Maybe it's just me, but in the tutor's version I have the impression that they are talking about _two _kittens:
אותו. זה ששחור לגמרי - "this one."
כן, אני גם אוהבת את ההוא - "that one" (pointing at another kitten)

...while in slus's version they are talking about the same kitten:
את ההוא. זה ששחור לגמרי - "that one" (pointing at a kitten)
כן, אני גם אוהבת אותו - "this one" (referring to that kitten)


----------



## slus

amikama said:


> Maybe it's just me, but in the tutor's version I have the impression that they are talking about _two _kittens:
> אותו. זה ששחור לגמרי - "this one."
> כן, אני גם אוהבת את ההוא - "that one" (pointing at another kitten)
> 
> ...while in slus's version they are talking about the same kitten:
> את ההוא. זה ששחור לגמרי - "that one" (pointing at a kitten)
> כן, אני גם אוהבת אותו - "this one" (referring to that kitten)

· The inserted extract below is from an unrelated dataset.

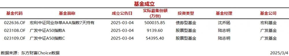 今日3只基金公告成立
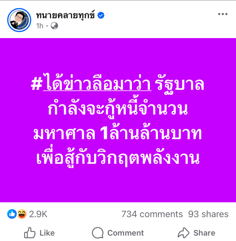 ได้ข่าวลือมาว่า รัฐบาลกำลังจะกู้หนี้จำนวนมหาศาล 1ล้านล้านบาท เพื่อสู้กับวิกฤตพลังงาน

Yes, Amikama is correct, of course. I misread "אני גם". I read "גם אני".


----------



## sawyeric1

Why does one order talk about one kitten, and the other order talk about two, if the two terms are considered interchangeable?


----------



## amikama

sawyeric1 said:


> Why does one order talk about one kitten, and the other order talk about two, if the two terms are considered interchangeable?


They aren't (although they are close in meaning).
אותו - it/him/this
את ההוא - that (person, thing etc.)


----------



## orca

Just wanted to add that saying אני *גם *אוהבת אותו is not correct. It should be אני אוהבת *גם *אותו if you mean you like the other one as well, or *גם *אני אוהבת אותו if you mean you too like the same one.
I confess my knowledge is only intuitive, that is, I can't back it up with an academical explanation, but this is the right way to write it, although in spoken everyday language people don't usually insist on it.

I did a little search and found this:

*גם הסטודנטים* למדו בספרייה (ולא רק המרצים).

הסטודנטים *גם למדו* בספרייה (ולא רק ישבו שם).

הסטודנטים למדו *גם בספרייה* (ולא רק בכיתות).

Basically, they explain there that the place of the word Gam (and also רק, אפילו, דווקא) changes according to what you want to stress and it should then come before the predicate.

Your example fits the 3rd example above - I like this cat too (and not only the first one)


----------



## shalom00

In English as well as in Hebrew, the placement of also/גם may cause the meaning of a sentence to be ambiguous.
In context, the correct meaning is usually understood.
In speech, the emphasis on one of the words often solves the ambiguity.

Ambiguity, can however, be a great problem in such cases as formal requirements documents.


----------